* **WHAT THE TASK REQUIRES**:
Once the images are removed, set down everything else in the listing below exactly.

* **INPUT DATA**:
↓↓↓
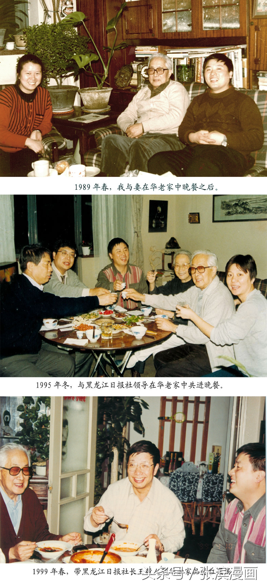 华老副部级离休。尽管如此,他十分平易近人。因为常去北京出差,我不仅分别与王复羊老师、漫画家刘壅、黎青在华老家中吃过饭;黑龙江日报的三任社长,贾世祥、王毅人、杨殿军都分别与我同在华老家中吃过饭。而我自己则多次被华老留在家中吃便饭。最巧的是1999年深秋,我去北京开会,与华老通话后他说晚上过来吃饭。本不想在华老面前提到我是来领奖,但那晚是边看新闻联播边吃,结果播出中国新闻奖颁奖大会时,华老夫人宋琦发现了捧着奖杯的我。华老笑着说,得奖是好事,小猫学会谦虚了嘛!
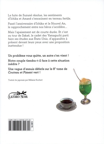 La fuite de Suzuné résolue, les sentiments d'Ichika et Amané s'enracinent en terreau fertile. Passé l'anniversaire d'Ichika et le Nouvel An, le rapprochement entre nos héros s'accélère... Mais l'apaisement est de courte durée. Et c'est au tour de Sakaé, le cadet des Yamaguchi parti faire ses études aux Etats-Unis, d'apparaître à présent devant leurs yeux avec une proposition inattendue ! Un problème vous quitte, un autre s'en vient ! Notre couple tiendra-t-il face à cette situation inédite ? Une vague d'ennuis déferle sur le 8e tome de Couteau et Piment vert !
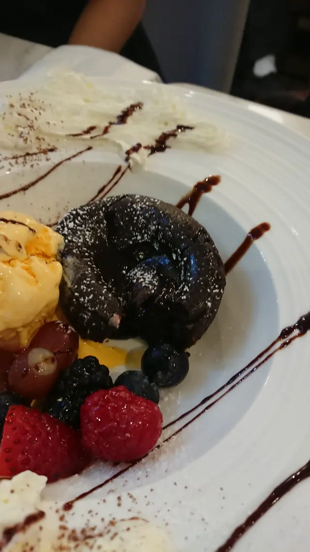 女孩們都愛甜點,甜品選了心太軟,餐廳以闊邊碟上菜,除了主角外,還配有芒果雪糕、滿滿的雜果,以及百力枝,讓人感到很豐盛!
↑↑↑
* **RESPONSE TO THIS EXERCISE**:
 华老副部级离休。尽管如此,他十分平易近人。因为常去北京出差,我不仅分别与王复羊老师、漫画家刘壅、黎青在华老家中吃过饭;黑龙江日报的三任社长,贾世祥、王毅人、杨殿军都分别与我同在华老家中吃过饭。而我自己则多次被华老留在家中吃便饭。最巧的是1999年深秋,我去北京开会,与华老通话后他说晚上过来吃饭。本不想在华老面前提到我是来领奖,但那晚是边看新闻联播边吃,结果播出中国新闻奖颁奖大会时,华老夫人宋琦发现了捧着奖杯的我。华老笑着说,得奖是好事,小猫学会谦虚了嘛!
 La fuite de Suzuné résolue, les sentiments d'Ichika et Amané s'enracinent en terreau fertile. Passé l'anniversaire d'Ichika et le Nouvel An, le rapprochement entre nos héros s'accélère... Mais l'apaisement est de courte durée. Et c'est au tour de Sakaé, le cadet des Yamaguchi parti faire ses études aux Etats-Unis, d'apparaître à présent devant leurs yeux avec une proposition inattendue ! Un problème vous quitte, un autre s'en vient ! Notre couple tiendra-t-il face à cette situation inédite ? Une vague d'ennuis déferle sur le 8e tome de Couteau et Piment vert !
 女孩們都愛甜點,甜品選了心太軟,餐廳以闊邊碟上菜,除了主角外,還配有芒果雪糕、滿滿的雜果,以及百力枝,讓人感到很豐盛!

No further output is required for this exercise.